Diante do sofrimento humano, os Cuidados Paliativos despontam como uma via necessária e mais, ainda, deixar de oferta-los, é negligenciar a solidariedade humana. Incluir o suporte às famílias dos pacientes, que devem receber esclarecimento e apoio nas tomadas de decisão permeadas pelos seus valores faz parte do imperativo ético. Dar esperanças realísticas faz parte do trabalho, assim como coibir a mentira piedosa. Tal abordagem celebra o legado da pessoa, a sua biografia e é isso que ela espera dos profissionais de saúde que a atendam.

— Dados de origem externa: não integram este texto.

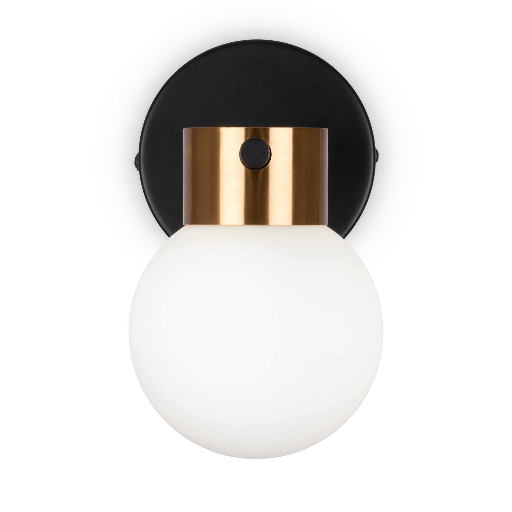 Металлическая арматура, цвет - черный + латунь. Стеклянные плафоны в двух оттенках - матовый белый или дымчатый. Направление плафонов в разные стороны позволяет распределить свет максимально равномерно. Источник светал - лампы с цоколем G9.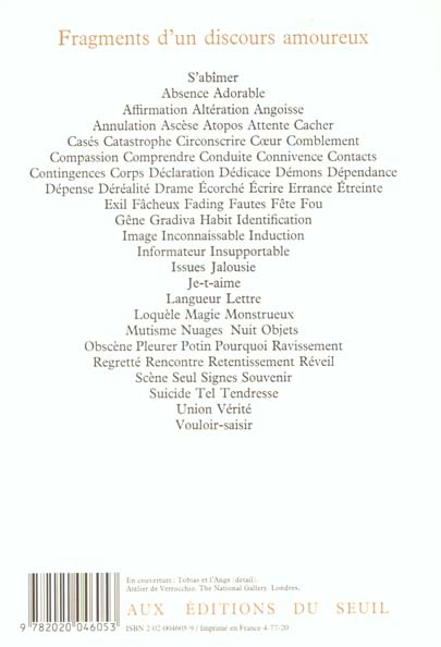 Découvrir le livre : https://www.librairiedoucet.fr/livre/9782020046053-fragments-d-un-discours-amoureux-roland-barthes/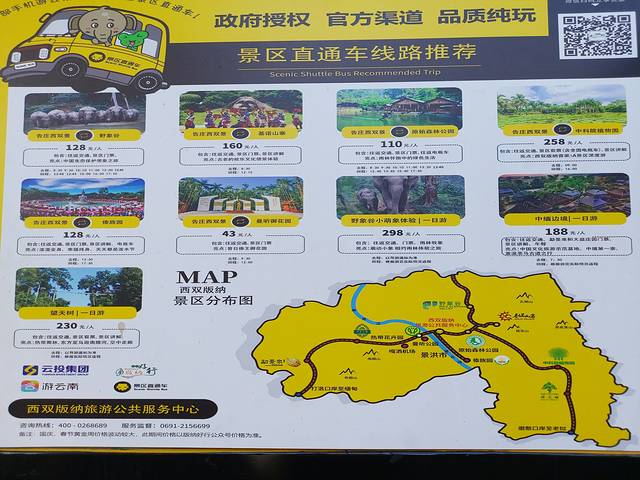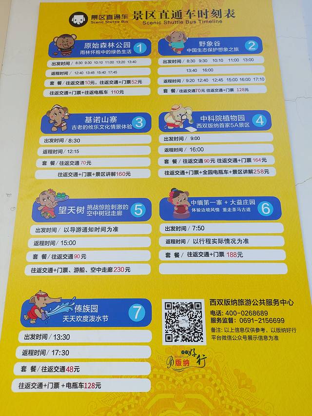 西双版纳到处都是大象、孔雀的形象,一进告庄就看到了直通车的集散点,先去找工作人员了解了下大致的路线、时间,小程序“版纳好行”上即可浏览预定。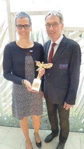 Tatjana Schilling vom TSV Korbach ist in Lausanne (Schweiz) als Senioren-Leichtathletin des Jahres 2016 geehrt worden. In den Räumlichkeiten des Europäischen Senioren-Dachverbands (EMA) wurde der Athletin aus Nordhessen von EMA-Präsident Kurt Kaschke (Deutschland) und Vizepräsident Jerzey Krauze (Polen) die Trophäe „Fighting Nike“ überreicht. Der Preis ist knapp drei Kilogramm schwer - und sorgte vor dem Rückflug bei der Sicherheitskontrolle am Genfer Flughafen für einige Verwirrung. Denn als sich „Fighting Nike“ im Handgepäck langsam durch den Scanner bewegte, hatten mehrere Polizisten einige Fragen. Letztlich sorgte der Bundesadler auf dem Rucksack für die entsprechende Glaubwürdigkeit in der Argumentation. „Es war ein unvergessliches Wochenende und ein tolles Gefühl, diesen Preis entgegennehmen zu dürfen“, sagt Tatjana Schilling, deren Tochter Alicia bei der Reise dabei war. Das Programm mit Ehrung, Dinner, Besichtigung des Olympischen Museums und Stadtbummel war dicht gedrängt - nur die geplante Bootsfahrt auf dem Genfer See fiel aufgrund von starkem Regen aus.<ENDE/>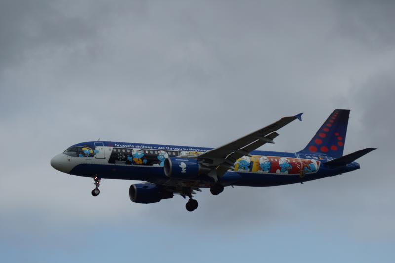 Brussels Airlines Airbus A 320 in "Schlümpfe" Bemalung,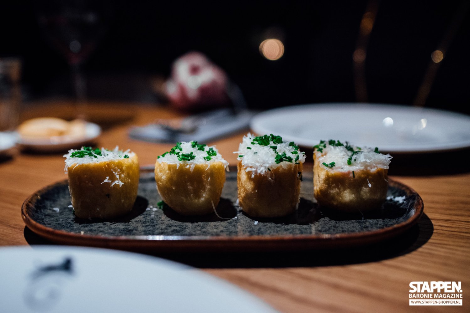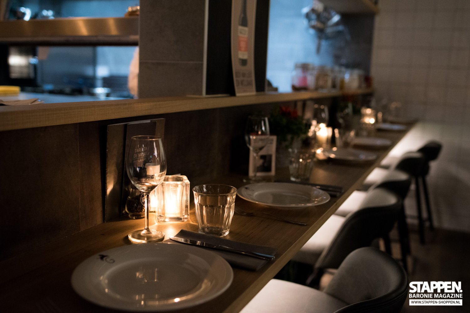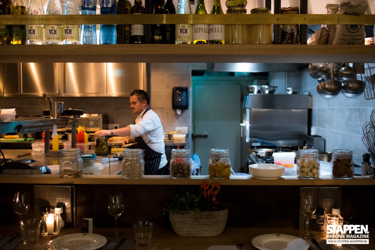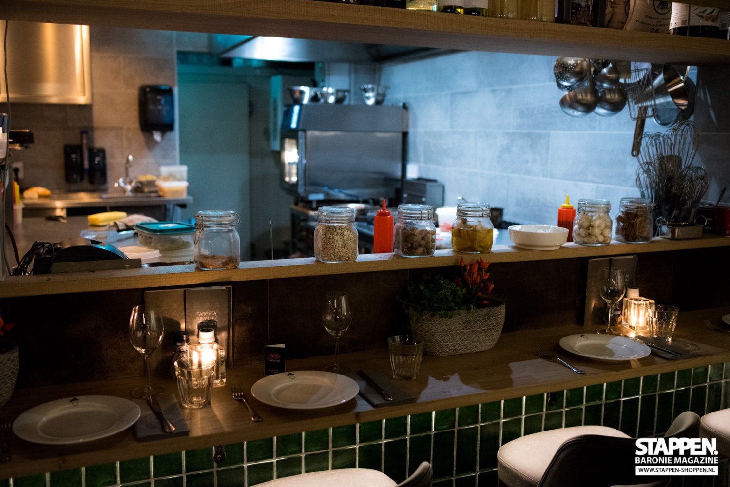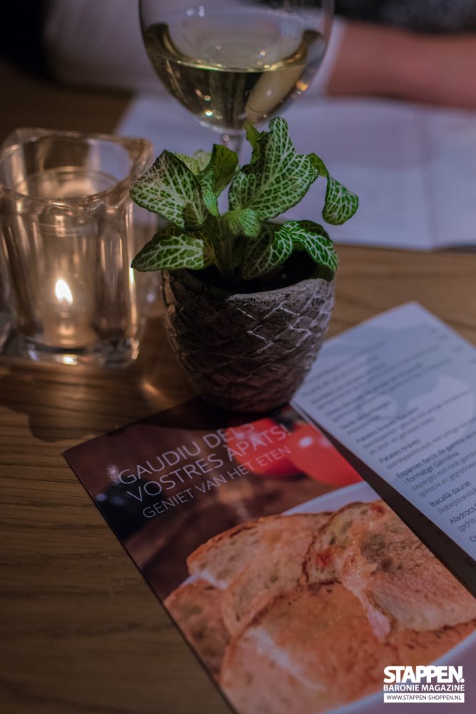 Direct bij binnenkomst worden we met een brede glimlach ontvangen en naar onze tafel begeleid door een vriendelijke medewerkster. De zaak is sfeervol en warm ingericht, de grote open keuken valt direct op en is een echte eyecatcher. De vriendelijke dame vertelt ons uitgebreid over het concept, de menukaart en de gerechten. Terwijl ze de tijd neemt om ons alles uit te leggen, kijken wij met haar mee in de uitgebreide menukaart. De keuze is reuze; van kleine tot grote tapas, van zoet tot hartig en van vlees tot vis. Ook de vegetariër kan hier prima komen eten. De kaart blijft gedurende de avond op tafel liggen, zodat je telkens wat bij kunt bestellen. Er wordt geadviseerd om 2 tot 4 tapas per keer te bestellen en samen te delen.

Em suma, os Cuidados Paliativos formam um conjunto de ações da área da saúde que visam acompanhar um paciente desde o diagnóstico de sua doença incurável até os últimos dias de sua vida, procurando estar ao lado da pessoa e de seus familiares o tempo todo, conjugando técnica e humanização. O que faz parte desse tratamento, além das medicações para dor, insônia, cansaço, falta de ar, inquietude, é fortalecer os vínculos, é tentar garantir que os desejos sejam respeitados, é organizar as pendências, sejam elas emocionais ou práticas. Os Cuidados Paliativos, portanto, não devem ser entendidos como desistência ou abandono do paciente porque “nada mais restou para ser feito”. Ao contrário, eles exigem envolvimento, maturidade e discernimento da equipe de saúde.

ELEMENTOS DOS CUIDADOS PALIATIVOS

Existem três elementos fundamentais nos cuidados paliativos: a comunicação empática, o foco no controle de sintomas e o processo de decisão com base nos fundamentos da bioética.

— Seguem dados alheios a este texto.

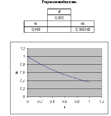 Рис. 5.5. Результаты эксперимента на модели MS Excel Примеры вопросов для самостоятельного решения 1. Какие в проведенных исследованиях получаются размерные первая и вторая космические скорости для спутника Земли? Ожидаемый ответ. Нужно вычислить единицу скорости для спутника у поверхности Земли: (GM/x0)1/2= (6,7 · 10-11м3/(кг · с2) · 6,0 · 1024 кг/(6,4 · 106 м))1/2 = 7,9 км/с. Для первой космической скорости это число нужно умножить на 1, а для второй — на 1,4. 2. Какие траектории спутника получатся, если начальная безразмерная скорость его меньше единицы? Ожидаемый ответ. Траекториями будут эллипсы с Землей в левом фокусе эллипса. Если начальная точка была недостаточно высоко над Землей, то траектория пересечет поверхность Земли, т.е. произойдет падение спутника на Землю. 3. Как изменятся значение площади, заметаемой радиус-вектором, и средняя секториальная скорость, если интервал времени, за который эти величины считаются, увеличить вдвое? В 5 раз? Ожидаемый ответ. Площадь увеличится в соответствующее число раз. Убедиться в этом можно, анализируя содержимое табл. 2 в разных экспериментах. Средняя секториальная скорость не изменится. Примеры заданий для самостоятельного исследования 1. Построить 11 траекторий для значений начальной скорости в диапазоне от 0,8 до 1,8. Используя режим расчета одиночной траектории, нанести на рисунок красным цветом круговую траекторию, а розовым — самую вытянутую траекторию, целиком уместившуюся на экране. 2. Произведите расчет для значений начальной скорости 0,4. Получилась ли траектория замкнутой? Как добиться, чтобы она стала замкнутой (уменьшить шаг по времени)? 3. Постройте 6 траекторий для значений начальной скорости в диапазоне от 1,4 до 1,42. Определите, сколько из них будут замкнутыми. Найдите в таблице значение большой полуоси для самой вытянутой замкнутой траектории. Попробуйте подобрать масштабы по осям x и y, чтобы эта траектория поместилась в окне графика. 4. Подобрать такую начальную скорость спутника, чтобы период его обращения T был вдвое больше, чем при обращении по круговой орбите. 5. Исследовать, как влияет величина шага по времени на значение константы третьего закона Кеплера для разных траекторий. Примечание. Количество траекторий при моделировании средствами MS Excel может быть уменьшено. 6. Закон естественного радиоактивного распадаПостроение модели явления естественного радиоактивного распада начнем с обсуждения основных свойств этого явления и постановки вопросов, на которые мы хотим получить ответы из численного эксперимента на модели. Прежде всего нужно сформулировать основные результаты натурных экспериментов. Эксперименты с тяжелыми атомами говорят, что их ядра распадаются, выбрасывая частицы и превращаясь в более легкие. Распад ядра происходит спонтанно и практически не зависит от внешних условий, в которых оно находится. Число распадов, регистрируемых в единицу времени, не зависит от внешних полей, концентрации радиоактивных атомов, химической структуры молекул, в которые входят радиоактивные атомы, а зависит только от числа атомов, ядра которых способны распадаться. Вероятность естественного распада ядра определяется его устройством и не зависит от того, что происходит вне ядра. Эта вероятность может быть описана некоторым числом, характерным для данных ядер. Таково главное свойство естественн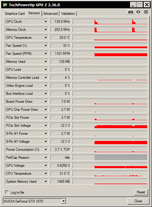 1) Частота ГП. 2) частота ОЗУ. 3) Температура ГП. 4) Температура "Hot Spot" (появилось в GPU-Z v2.37.0) 5) Скорость вентилятора в процентах. 6) Скорость вентилятора в RPM. 7) Памяти использовано. 8) Загрузка ГП. 9) Загрузка контроллера памяти. 10) Загрузка блока обработки видео. 11) Загрузка шины PCI-E. 12) Общая мощность видеокарты. 13) Мощность ГП. 14) Мощность PCI-E. 15) Напряжение PCI-E. 16) Мощность 8-Pin. 17) Напряжение 8-Pin. 18) Потребляемая мощность в процентах от лимита биоса. 19) PerfCap Reason (причина по которой производительность ГП ограничена): Pwr-Мощность, Thrm-температура, VRel-безопасный уровень напряжения, VOp-действующий уровень напряжения, Idle-загрузка ГП ниже максимальной. 20) Напряжение ГП. |

A comunicação do diagnóstico de uma doença incurável não é tarefa fácil para nenhum profissional da área da saúde. É comum inclusive o paciente já ter o conhecimento prévio ao consultar seu médico, pois o acesso às informações é cada vez mais imediato. O médico deverá se preparar mesmo assim para “oficializar” o diagnóstico; há várias maneiras para tal, incluindo diretrizes e protocolos. Comunicação assertiva, atenção focada na linguagem não-verbal, escuta ativa, empatia e compaixão são elementos primordiais do acolhimento durante esse processo. É comum o paciente ou seu familiar ficar aturdido, em negação ou raiva, diante de uma notícia ruim. Há um misto de emoções e o que o profissional deve fazer é acolher, transmitir segurança e contribuir com sua presença.

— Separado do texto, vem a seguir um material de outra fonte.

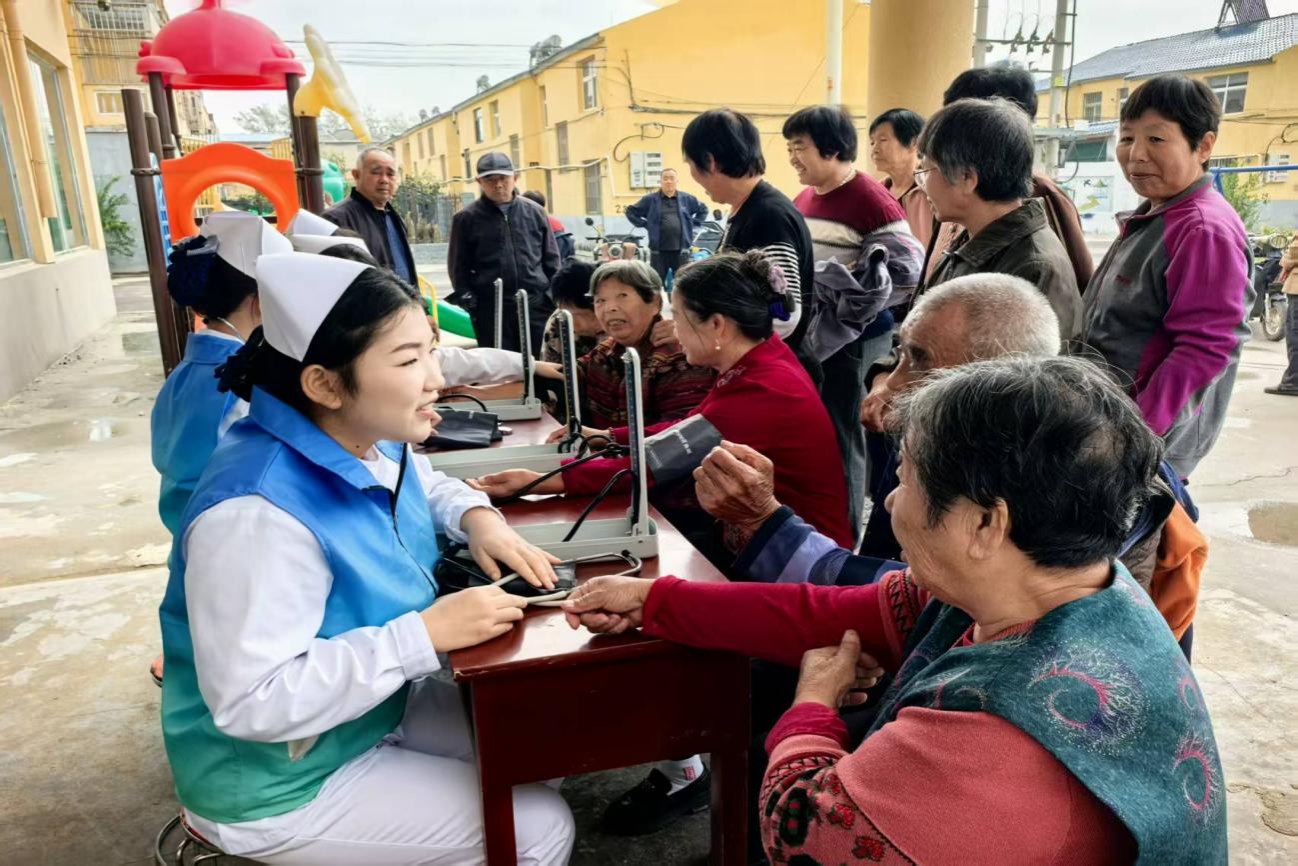 随后,一行人赴郭屯镇姜邢村开展“党建共建聚合力 青春义诊暖民心”志愿服务活动。党员老师与学生志愿者充分发挥专业特长,现场开展了以急救知识科普、测量血压、健康咨询为主要内容的志愿服务。志愿者们耐心细致地为前来咨询的居民讲解基础健康知识,倡导健康生活方式,受到了当地群众的热烈欢迎和好评。通过本次志愿服务,不仅锻炼了学生的实践能力,也切实将健康服务送到了群众身边,体现了高校服务社会的责任担当。

O controle dos sintomas é o segundo elemento fundamental dos Cuidados Paliativos. Mais do que fazer parte da definição pela OMS – “controle impecável da dor e de outros sintomas das dimensões física, psicossocial e espiritual” – o controle de tudo aquilo que gera desconforto, mal-estar e sofrimento deve fazer parte da proposta de cuidado. O profissional da área de saúde precisa estar habilitado para reconhecer antecipadamente sintomas que podem surgir e responder com prontidão. Nesse item, destaca-se o mito dos opióides, como a morfina. O uso da dose certa, na frequência adequada, traz alivio a sintomas frequentes, como a dor e a falta de ar. Outro destaque no controle de sintomas é a via de administração dos medicamentos. A prioridade é a via oral. Contudo, no processo de fim de vida, se o paciente não for capaz de deglutir, a via mais adequada é a via subcutânea. A SBGG disponibiliza um guia para orientar os profissionais da saúde quanto à utilização dessa via segura, de fácil instalação e que permite aplicação das principais medicações para o conforto nesse cenário. Entretanto, por falta de esclarecimentos e até preconceito, é uma via ainda pouco usada.

O terceiro elemento dos Cuidados Paliativos é o processo de decisão das condutas. Trata-se de um passo importante e que exige que a equipe de saúde transmita ao paciente e à família informações e esclarecimentos necessários para as decisões, com base nos seus valores e desejos. O paciente é o protagonista do final de sua vida e suas decisões acerca dos tratamentos que deseja receber, ou não, precisam ser respeitadas. O modelo da relação médico-paciente mudou, deixando de ser paternalista; o papel do profissional de saúde é identificar quais são os objetivos da pessoa, o que significa qualidade de vida para ela, o que ela entende como dignidade. A reunião familiar é de suma importância para dirimir as dúvidas, oferecer apoio e recursos para a organização do cuidado a partir do momento do diagnóstico e, por fim, traçar um plano condizente com os desejos do paciente.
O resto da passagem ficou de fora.